Members of the Public Service Alliance of Canada are hoping a vigil in Fall River, N.S., over the weekend will help keep Canada's long-gun registry alive.

About 25 women demonstrated in front of the office of Peter Stoffer, NDP MP for Sackville-Eastern Shore, on Saturday night. They chanted "We will not be silent," and took turns shoving their protest placards through Stoffer's mail slot.

Stoffer, who was not present, is one of 18 Liberal and NDP MPs who recently voted to abolish the gun registry.

"We're hoping that we're going to be able to overturn those individuals to reconsider and hopefully, if we're able to overturn their position, we'll be able to keep the gun registry," said Jeannie Baldwin, regional vice-president of the Public Service Alliance of Canada.

The union, which represents employees who administer the registry and organized the demonstration, contends the registry has helped reduce domestic gun violence against women by 50 per cent and should not be scrapped.

"Dangerous people are refused their guns, which is what we should be doing. So yes, she does tell me a lot about the good that's coming out of it," said Anne Fagan-Wood, whose sister works on the registry.
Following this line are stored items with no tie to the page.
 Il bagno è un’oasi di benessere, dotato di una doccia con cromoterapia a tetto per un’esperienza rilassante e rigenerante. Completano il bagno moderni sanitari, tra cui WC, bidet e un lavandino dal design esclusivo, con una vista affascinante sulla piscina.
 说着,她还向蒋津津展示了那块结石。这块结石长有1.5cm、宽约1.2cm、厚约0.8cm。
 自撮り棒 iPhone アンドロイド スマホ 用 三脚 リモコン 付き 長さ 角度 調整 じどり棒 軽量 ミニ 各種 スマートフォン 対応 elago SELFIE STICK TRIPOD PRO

Lori Walton, organizer of an upcoming candlelight vigil in Halifax for the victims of the Montreal Massacre, agrees.

"To think that a woman's life might be worth less than being able to bag a deer easily is unreal and it's a sad state of affairs that we're in this year marking the 20th anniversary of the Montreal massacre by abolishing the long-gun registry."
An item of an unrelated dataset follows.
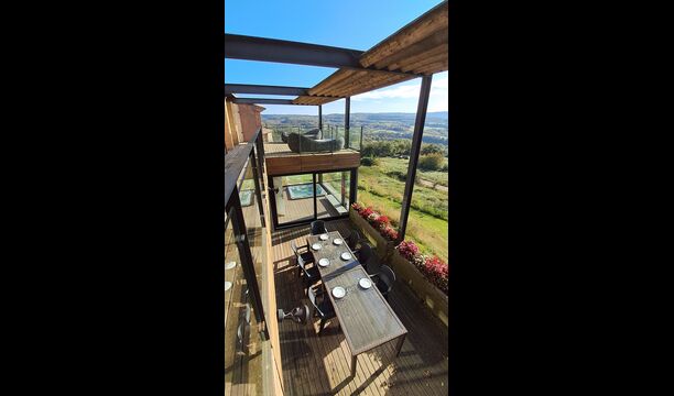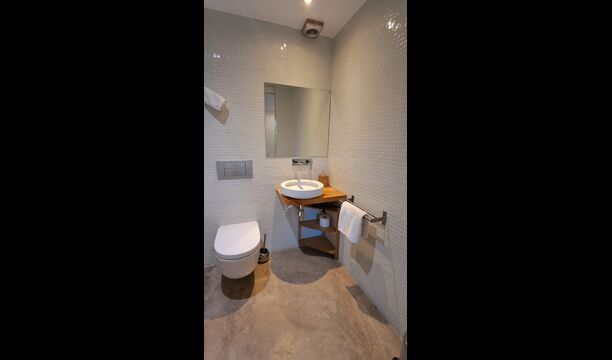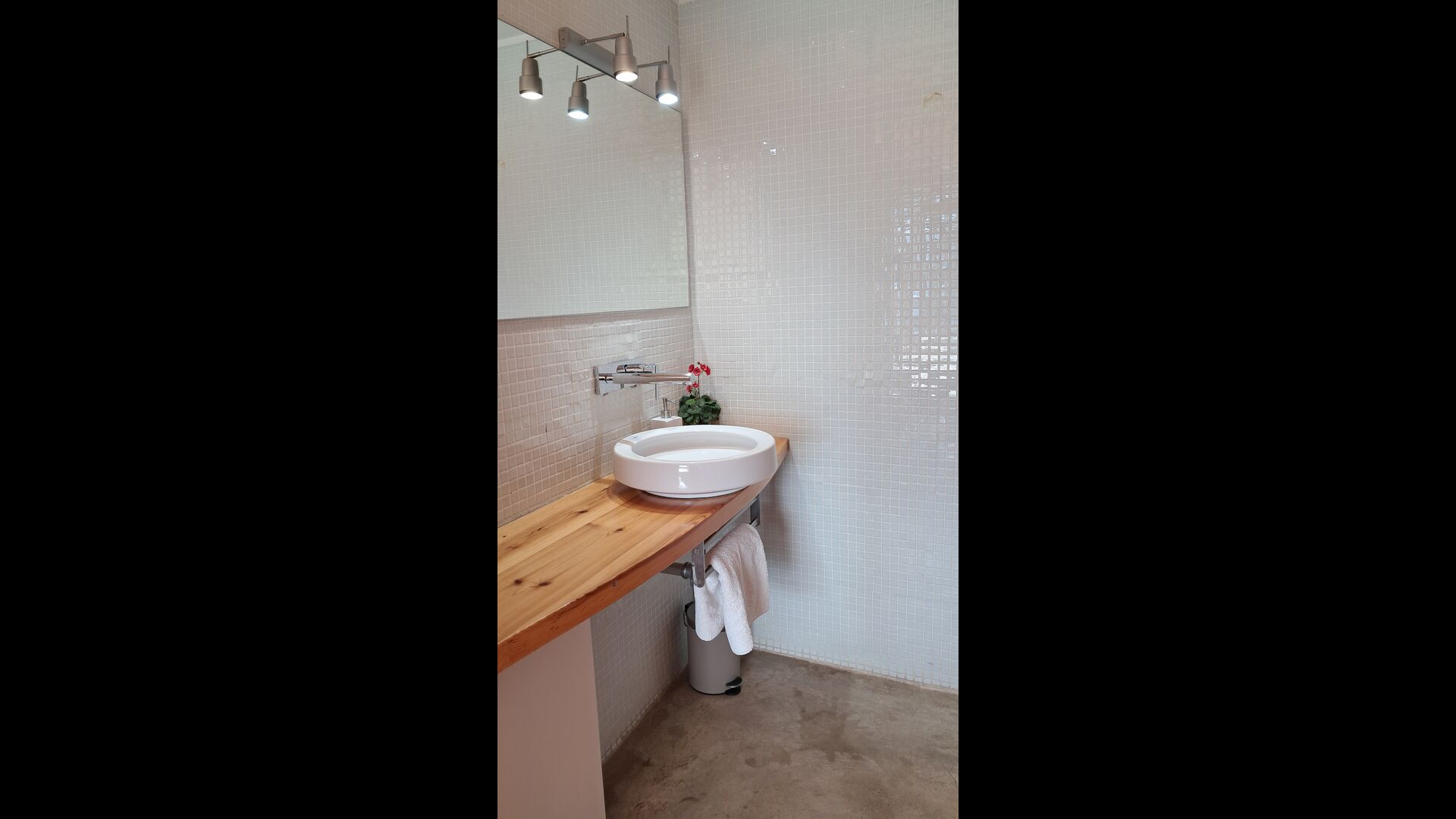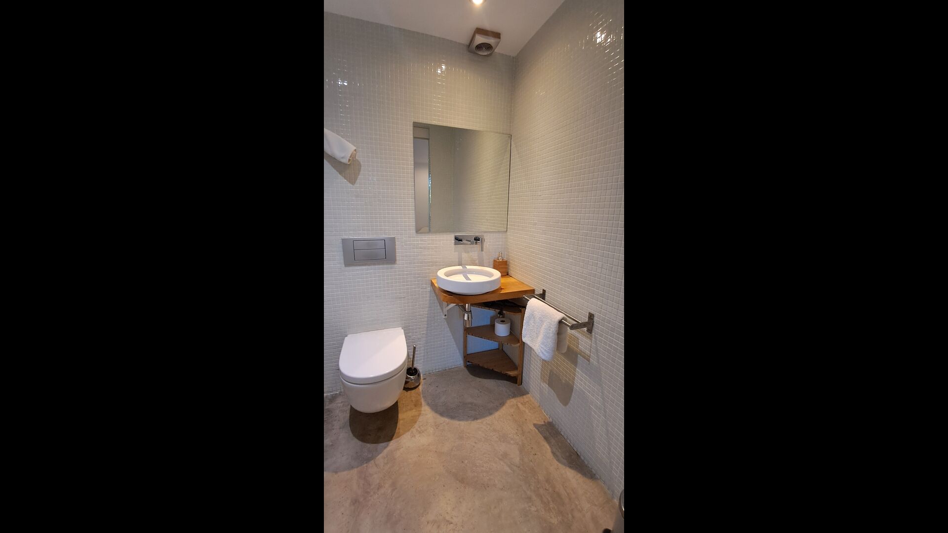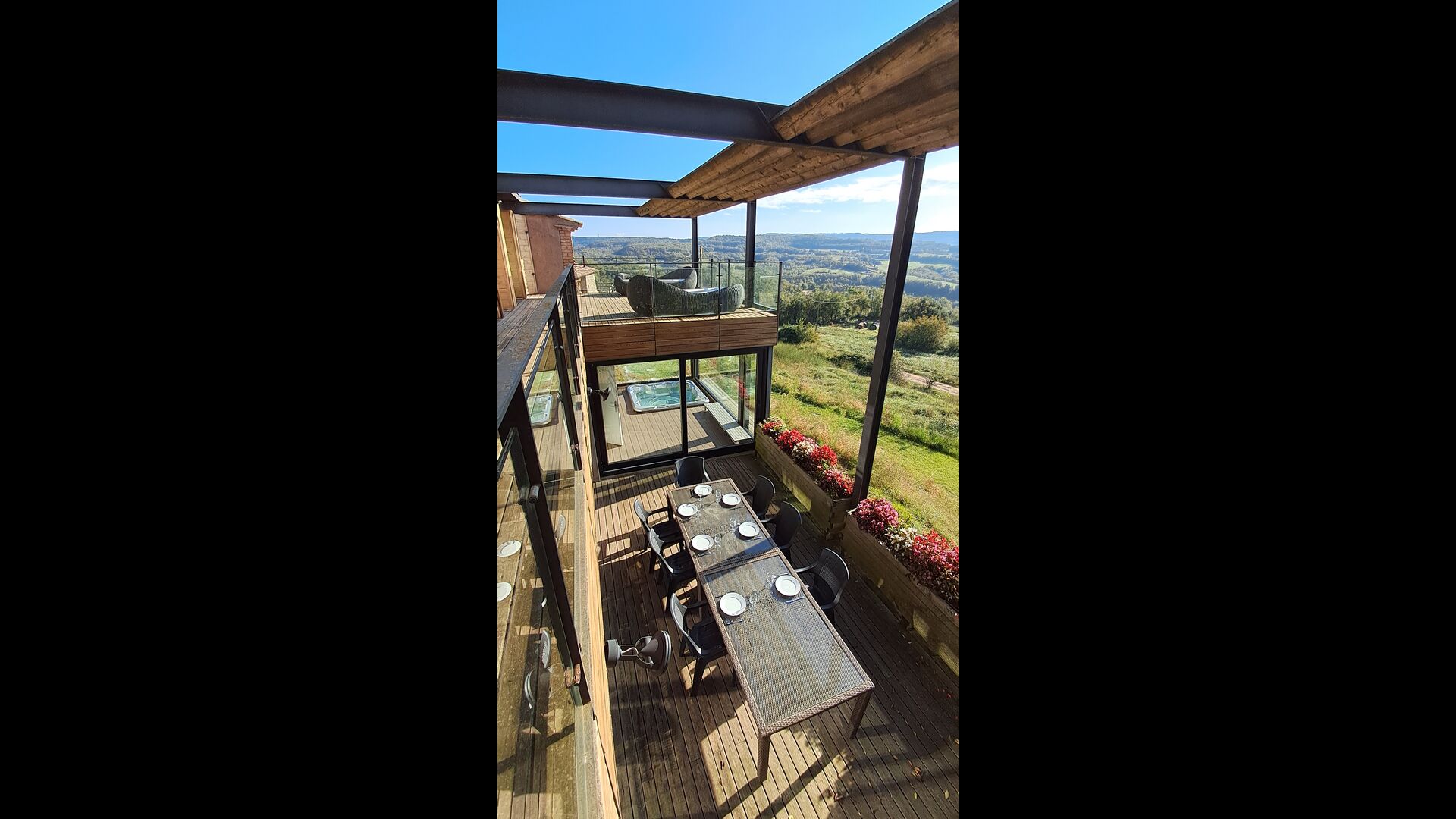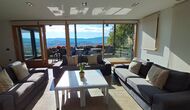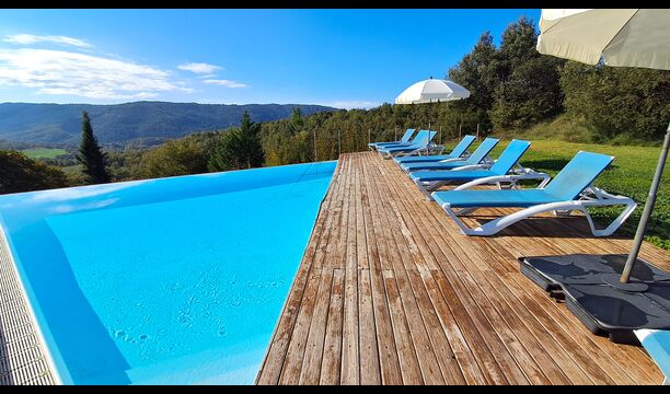 The second floor also has a large terrace, where all 4 bedrooms on the floor floor have direct access to. The house swimming pool area is something else. It must be the very best, to enjoy a holiday around the pool with friends or family in such unique surroundings. The pool is triangular and a mechanism allows the wate rto constantly moving down over the edges. The pool's edges will be fenced with a discreet fence. By the pool you will find loungers for everyone, as well as a little covered area and a large wooden terrace.

On Dec. 6, 1989, Marc Lepine gunned down 14 female engineering students at École Polytechnique.

Bill C-391 recently passed second reading in Parliament and is expected to reach third and final reading early next year. It would destroy the decade-old registry and any data within the system on about seven million shotguns and rifles.

The union is planning more protests at other MPs' offices across Atlantic Canada in the next few weeks, said Baldwin.